Student Workbook ebooks and any additional consumable pages are printable. 

One Family, Many Stories

A Global Journey Through Human History ~ Deep History

The Historian's Toolkit, History Year 1 — part of The Learner's Toolkit from Dr. Sherri Mehta and Blair Lee, M.S. with contributions from Dr. Amy Sharony

One Family, Many Stories is a read-aloud history course that carries your learner through deep history, the long human past before written records, from the walking ancestors of more than three million years ago to the eel farmers of southern Australia 6,600 years ago. A single Time Traveler makes thirty-four stops across six continents. Each lesson opens the same way: Your learner touches the Time Travel Passport, closes their eyes, and opens them somewhere new, standing on a grassland in East Africa, on a rocky South African shore, on the flooding shores of western Canada. The frame gives a young learner one steady anchor to cross enormous distances of time and place, so a leap of a hundred thousand years feels like the next step in a single story.

The history is grounded in real science and archaeology, and the course is fully secular. Every lesson rests on actual fossils, footprints, tools, shell heaps, and excavated sites. Using guides, scenes, and real ecological and anthropological data, your learner steps inside real stories.
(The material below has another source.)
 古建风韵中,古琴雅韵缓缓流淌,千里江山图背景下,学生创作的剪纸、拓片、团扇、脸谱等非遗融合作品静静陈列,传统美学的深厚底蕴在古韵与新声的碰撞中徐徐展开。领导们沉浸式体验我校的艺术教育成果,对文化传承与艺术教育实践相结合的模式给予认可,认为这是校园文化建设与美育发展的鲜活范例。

They watch Lucy's family walk upright through the grass and climb the trees for safety, distant relatives who walked the Earth long before our own kind appeared, close cousins rather than members of our own genus. The course follows that whole wider family: The walking cousins like Lucy, the first toolmakers like Homo habilis, Homo erectus fire keepers who carried fire out of Africa, and the Neanderthals and other early humans who once shared the planet, until your learner meets Homo sapiens in Africa at the advent of their evolution and learns that for a long time we were just one branch of human among several. They crouch at the tide pools at Blombos while a woman threads shell beads by firelight. They walk with a hunter-gatherer family reading the land, antelope tracks in the dust, birds flying toward water at dusk, and meet a lake family who stay in one place because the lake gives them what they need. The children who guide each lesson carry the history through what they do and say. When the traveling girl tells you "the lake people's way is good for them, our way is good for us, there are many ways to be a hunter-gatherer," she is teaching the heart of the course in her own voice.
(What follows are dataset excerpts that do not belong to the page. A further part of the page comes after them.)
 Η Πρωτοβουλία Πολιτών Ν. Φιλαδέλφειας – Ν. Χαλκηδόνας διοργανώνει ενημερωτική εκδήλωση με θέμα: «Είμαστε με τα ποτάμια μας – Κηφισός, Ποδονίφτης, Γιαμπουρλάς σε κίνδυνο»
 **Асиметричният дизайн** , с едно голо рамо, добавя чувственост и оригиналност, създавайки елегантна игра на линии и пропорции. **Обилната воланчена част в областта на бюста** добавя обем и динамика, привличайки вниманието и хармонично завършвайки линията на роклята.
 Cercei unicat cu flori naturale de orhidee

That idea runs the whole way through. Every way of living your learner meets is shown as a wise and complete answer to one question: How do we make a home in this place? The Natufian grandmother watching wheat grow where seeds had spilled. The Andean family freezing potatoes night after night into chuño that lasts for years. The Gunditjmara child checking the eel traps in channels a great-great-grandmother helped build, on Country her people have tended and belonged to for thousands of years and tend still. None of these is a rung on a ladder climbing toward something better. Each is a home.

Climate is the thread that ties the journey together. A drying Africa sends families walking. An Ice Age teaches them to outlast the cold. A warming world raises the seas, drowns the land bridge of Doggerland and Japan, and opens forests where ice used to be. Following that thread, your learner also sees how good ideas move through the world, invented over again by people who never met, as farming was invented in the Fertile Crescent, China, and the Americas. And throughout, the course lets your learner in on how anyone could know these things at all, reasoning from the bones, the footprints in old ash, the shell heaps, the stone walls still standing, the way the people who study the past actually do.
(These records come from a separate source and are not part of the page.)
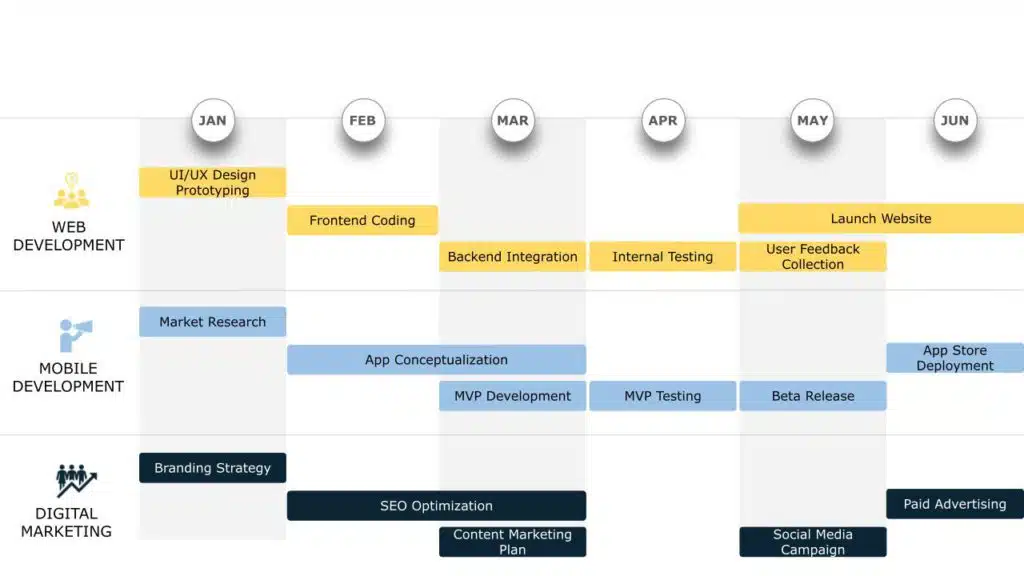 The slide outlines a strategic action plan for a tech startup’s web development, mobile development, and digital marketing operations over six months. Each vertical—Web Development, Mobile Development, and Digital Marketing—is aligned with monthly targets leading up to significant deliverables, such as the website launch and the mobile app deployment. The timeline is a visual roadmap designed to guide the team through each development and marketing phase, ensuring a synchronized launch of their digital products.
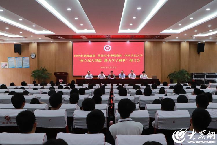 7月13日,由菏泽市委统战部、菏泽市中华职教社、中国人民大学共同主办的“树立远大理想 助力学子圆梦”报告会暨菏泽市中华职教社“同心优培”工程主题活动在菏泽一中举办。市政协副主席、市中华职教社主任、民革市委会主委赵胜利,市委统战部分管日常工作的副部长王本现出席会议。菏泽一中新高三的260余名学生认真聆听了报告会,并参加了现场互动。
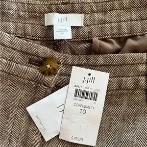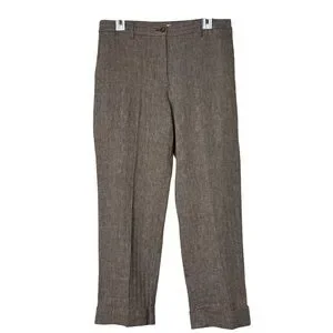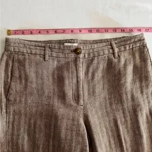 J. Jill Linen & Cotton Herringbone Pants Trousers In Coffee
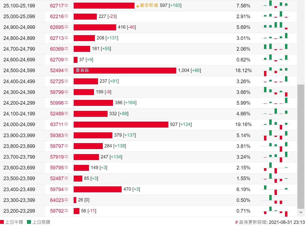 牛证街货重货区在24,500-25,599区间,该区间最新牛证数量为1004张,较上一交易日增加86张;最多新增在25,100-25,199区间,该区间最新牛证数量为597张,较上一交易日增加183张。
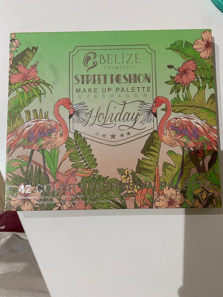 Belize Street Fashion makyaj paleti, 42 parlak ve canlı göz farı rengi içerir. Tropikal flamingo ve bitki desenli kutusuyla dikkat çeker. Cok az kullandim hijyenik bi sekilde
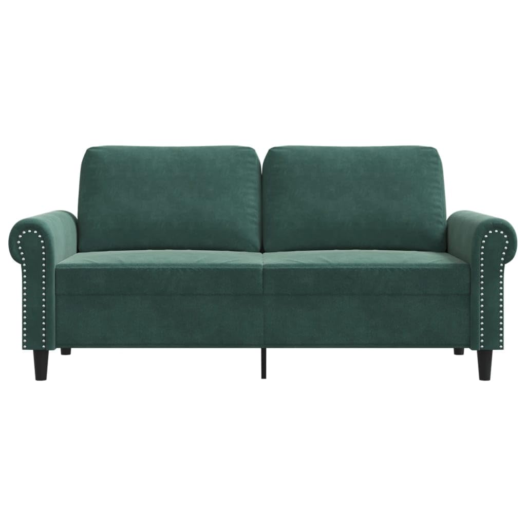 vidaXL Modern 2-Seater Sofa in Velvet Fabric with Densely Padded Seat and Armrests - Dark Green

Meanwhile, across the world

Every lesson closes with a section called "Meanwhile, across the world." After your learner has spent a lesson in one place, with one family, the Meanwhile section pulls the camera back to show what was happening elsewhere on Earth at the same time. It is the course's quiet insurance against the impression that the human story happens in one place at a time, that history is a single torch passed from one people to the next. The Meanwhile sections make sure your learner always knows the opposite is true. While one thing was happening here, many things were happening everywhere.

They are specific, never vague. When your learner is at Blombos gathering shellfish a hundred thousand years ago, the Meanwhile section takes them to other African families fishing rivers with bone points and trading ochre across valleys, and to the first Homo sapiens who had already reached the Levant, where they buried their dead with care and kept a child with a disability alive for years. While the Gunditjmara tend their eel ponds in southern Australia, the Meanwhile section crosses the same continent to the Pitjantjatjara carrying maps of every desert waterhole in their minds, and the Ngaro paddling bark canoes out to the Great Barrier Reef, then leaps to a plaster-statue village in Jordan and to the rising sea swallowing Doggerland and turning Britain into an island. While China grows its first rice, the Meanwhile section visits hunter-fishers at Star Carr in Britain, catfish harpooners on a greening Nile, and mammoth hunters on the American plains.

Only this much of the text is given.